Computational methods for analysis of dynamic events in cell migration

Abstract

Cell migration is a complex biological process that involves changes in shape and organization at the sub-cellular, cellular, and supra-cellular levels. Individual and collective cell migration can be assessed in vitro and in vivo starting from the flagellar driven movement of single sperm cells or bacteria, bacterial gliding and swarming, and amoeboid movement to the orchestrated movement of collective cell migration. One key technology to access migration phenomena is the combination of optical microscopy with image processing algorithms. This approach resolves simple motion estimation (e.g. preferred direction of migrating cells or path characteristics), but can also reveal more complex descriptors (e.g. protrusions or cellular deformations). In order to ensure an accurate quantification, the phenomena under study, their complexity, and the required level of description need to be addressed by an adequate experimental setup and processing pipeline.

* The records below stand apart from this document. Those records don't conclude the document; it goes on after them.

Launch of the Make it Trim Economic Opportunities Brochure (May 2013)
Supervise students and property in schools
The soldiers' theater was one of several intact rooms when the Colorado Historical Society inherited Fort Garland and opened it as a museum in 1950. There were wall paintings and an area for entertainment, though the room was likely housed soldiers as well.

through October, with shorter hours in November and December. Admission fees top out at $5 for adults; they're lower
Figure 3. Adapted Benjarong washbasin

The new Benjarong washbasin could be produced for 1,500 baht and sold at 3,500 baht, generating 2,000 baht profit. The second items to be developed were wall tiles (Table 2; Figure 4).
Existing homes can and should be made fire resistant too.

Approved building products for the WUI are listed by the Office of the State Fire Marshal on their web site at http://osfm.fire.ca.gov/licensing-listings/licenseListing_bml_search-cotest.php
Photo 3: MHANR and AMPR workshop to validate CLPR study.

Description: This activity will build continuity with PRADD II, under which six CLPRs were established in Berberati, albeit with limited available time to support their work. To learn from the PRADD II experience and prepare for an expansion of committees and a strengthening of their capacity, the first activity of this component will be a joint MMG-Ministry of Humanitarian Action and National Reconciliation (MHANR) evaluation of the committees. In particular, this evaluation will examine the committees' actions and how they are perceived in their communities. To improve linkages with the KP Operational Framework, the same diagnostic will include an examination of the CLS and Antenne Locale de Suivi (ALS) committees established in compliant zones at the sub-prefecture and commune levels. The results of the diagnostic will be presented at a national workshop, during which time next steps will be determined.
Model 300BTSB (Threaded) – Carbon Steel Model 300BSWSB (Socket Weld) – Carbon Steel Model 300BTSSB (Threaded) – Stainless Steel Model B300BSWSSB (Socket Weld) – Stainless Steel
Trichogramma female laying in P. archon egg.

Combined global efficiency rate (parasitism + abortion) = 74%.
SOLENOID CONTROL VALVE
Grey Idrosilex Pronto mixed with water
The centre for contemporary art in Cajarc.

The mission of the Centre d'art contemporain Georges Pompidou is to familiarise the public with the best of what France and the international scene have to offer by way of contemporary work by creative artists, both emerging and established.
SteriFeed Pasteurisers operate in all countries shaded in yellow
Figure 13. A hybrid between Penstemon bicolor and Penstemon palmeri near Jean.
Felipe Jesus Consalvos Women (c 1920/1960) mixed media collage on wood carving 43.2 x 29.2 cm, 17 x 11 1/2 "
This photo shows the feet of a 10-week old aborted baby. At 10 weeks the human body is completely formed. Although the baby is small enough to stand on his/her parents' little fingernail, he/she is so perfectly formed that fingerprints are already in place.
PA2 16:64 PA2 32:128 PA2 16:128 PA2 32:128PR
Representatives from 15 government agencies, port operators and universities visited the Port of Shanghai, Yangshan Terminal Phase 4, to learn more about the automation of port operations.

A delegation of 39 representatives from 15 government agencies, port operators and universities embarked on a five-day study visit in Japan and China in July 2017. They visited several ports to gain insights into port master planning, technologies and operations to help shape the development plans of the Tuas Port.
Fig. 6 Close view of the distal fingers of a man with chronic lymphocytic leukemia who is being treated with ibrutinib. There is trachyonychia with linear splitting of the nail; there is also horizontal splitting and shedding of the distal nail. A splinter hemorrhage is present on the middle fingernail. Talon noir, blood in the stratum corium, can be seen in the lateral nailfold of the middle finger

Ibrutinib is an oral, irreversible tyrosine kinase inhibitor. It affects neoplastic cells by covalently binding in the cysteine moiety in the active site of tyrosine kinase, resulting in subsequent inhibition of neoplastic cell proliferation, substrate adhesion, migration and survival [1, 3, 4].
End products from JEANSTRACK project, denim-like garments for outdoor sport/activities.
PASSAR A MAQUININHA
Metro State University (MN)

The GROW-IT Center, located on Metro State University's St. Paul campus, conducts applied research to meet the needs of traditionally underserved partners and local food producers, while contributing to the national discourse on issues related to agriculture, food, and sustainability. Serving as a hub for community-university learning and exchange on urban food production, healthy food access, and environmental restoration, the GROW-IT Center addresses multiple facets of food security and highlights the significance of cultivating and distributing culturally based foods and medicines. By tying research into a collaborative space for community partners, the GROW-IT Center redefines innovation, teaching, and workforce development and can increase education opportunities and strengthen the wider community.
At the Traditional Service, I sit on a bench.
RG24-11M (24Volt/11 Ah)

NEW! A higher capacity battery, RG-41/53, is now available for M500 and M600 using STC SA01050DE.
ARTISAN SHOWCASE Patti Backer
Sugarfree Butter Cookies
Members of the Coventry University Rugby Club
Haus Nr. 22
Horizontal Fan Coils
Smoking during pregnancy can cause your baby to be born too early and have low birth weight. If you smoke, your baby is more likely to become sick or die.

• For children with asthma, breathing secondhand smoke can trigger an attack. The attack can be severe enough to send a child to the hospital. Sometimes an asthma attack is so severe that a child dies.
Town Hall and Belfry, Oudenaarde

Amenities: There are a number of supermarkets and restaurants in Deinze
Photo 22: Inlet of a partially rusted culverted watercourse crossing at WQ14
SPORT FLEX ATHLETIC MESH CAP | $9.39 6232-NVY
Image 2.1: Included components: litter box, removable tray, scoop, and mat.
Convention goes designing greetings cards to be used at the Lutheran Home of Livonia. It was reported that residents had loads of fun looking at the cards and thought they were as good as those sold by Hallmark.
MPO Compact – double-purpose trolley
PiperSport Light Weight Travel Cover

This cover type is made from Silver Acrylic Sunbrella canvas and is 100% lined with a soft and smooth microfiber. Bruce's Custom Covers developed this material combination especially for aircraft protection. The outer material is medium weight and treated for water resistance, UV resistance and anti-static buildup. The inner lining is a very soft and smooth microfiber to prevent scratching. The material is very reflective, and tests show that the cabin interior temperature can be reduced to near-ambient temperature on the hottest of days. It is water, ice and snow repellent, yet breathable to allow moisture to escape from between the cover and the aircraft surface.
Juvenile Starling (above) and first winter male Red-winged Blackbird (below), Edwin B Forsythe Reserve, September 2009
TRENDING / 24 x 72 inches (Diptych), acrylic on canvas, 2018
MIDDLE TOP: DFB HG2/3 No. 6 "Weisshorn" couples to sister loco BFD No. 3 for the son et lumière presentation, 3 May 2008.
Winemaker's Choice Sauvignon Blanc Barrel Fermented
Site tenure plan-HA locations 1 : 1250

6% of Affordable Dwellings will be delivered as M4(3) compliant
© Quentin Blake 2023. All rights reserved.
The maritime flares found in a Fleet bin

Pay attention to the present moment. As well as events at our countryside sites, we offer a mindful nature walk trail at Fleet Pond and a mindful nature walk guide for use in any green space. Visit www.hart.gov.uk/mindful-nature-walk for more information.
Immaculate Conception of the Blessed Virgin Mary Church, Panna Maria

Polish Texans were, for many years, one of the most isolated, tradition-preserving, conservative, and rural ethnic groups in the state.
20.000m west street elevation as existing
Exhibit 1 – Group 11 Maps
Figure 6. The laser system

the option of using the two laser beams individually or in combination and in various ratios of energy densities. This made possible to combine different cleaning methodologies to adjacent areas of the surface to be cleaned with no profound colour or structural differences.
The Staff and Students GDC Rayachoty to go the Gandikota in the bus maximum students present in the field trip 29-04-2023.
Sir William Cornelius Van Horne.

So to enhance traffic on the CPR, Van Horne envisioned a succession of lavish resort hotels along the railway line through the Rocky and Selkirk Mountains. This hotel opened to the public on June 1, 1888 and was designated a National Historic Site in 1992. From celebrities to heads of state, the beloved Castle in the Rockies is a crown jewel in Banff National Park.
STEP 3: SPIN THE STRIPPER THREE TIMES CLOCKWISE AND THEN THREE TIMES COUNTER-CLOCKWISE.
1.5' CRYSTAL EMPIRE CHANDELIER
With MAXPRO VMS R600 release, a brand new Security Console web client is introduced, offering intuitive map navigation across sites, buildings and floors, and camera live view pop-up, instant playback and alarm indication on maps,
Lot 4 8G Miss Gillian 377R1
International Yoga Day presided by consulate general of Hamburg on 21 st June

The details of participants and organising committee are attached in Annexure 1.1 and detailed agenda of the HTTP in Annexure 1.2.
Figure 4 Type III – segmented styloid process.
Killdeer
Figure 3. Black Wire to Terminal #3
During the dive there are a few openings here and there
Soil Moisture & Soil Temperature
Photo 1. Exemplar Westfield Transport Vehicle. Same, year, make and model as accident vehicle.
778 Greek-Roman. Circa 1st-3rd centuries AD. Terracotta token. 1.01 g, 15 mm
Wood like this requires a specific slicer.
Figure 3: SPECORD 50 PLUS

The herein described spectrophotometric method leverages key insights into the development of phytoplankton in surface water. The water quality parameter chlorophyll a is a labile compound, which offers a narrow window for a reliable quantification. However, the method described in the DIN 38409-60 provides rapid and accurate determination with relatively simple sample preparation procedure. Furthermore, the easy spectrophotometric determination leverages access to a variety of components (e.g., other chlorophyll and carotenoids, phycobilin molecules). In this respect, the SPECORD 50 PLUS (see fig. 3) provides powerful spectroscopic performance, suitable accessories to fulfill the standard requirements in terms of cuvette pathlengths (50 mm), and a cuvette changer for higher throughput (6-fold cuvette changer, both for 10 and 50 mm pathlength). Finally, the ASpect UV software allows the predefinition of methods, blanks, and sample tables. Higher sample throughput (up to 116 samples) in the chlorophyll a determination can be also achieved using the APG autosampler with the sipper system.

Here, we review typical workflows for processing starting with image acquisition, restoration (noise and artifact removal, signal enhancement), registration, analysis (object detection, segmentation and characterization) and interpretation (high level understanding). Image processing approaches for quantitative description of cell migration in 2- and 3-dimensional image series, including registration, segmentation, shape and topology description, tracking and motion fields are presented. We discuss advantages, limitations and suitability for different approaches and levels of description.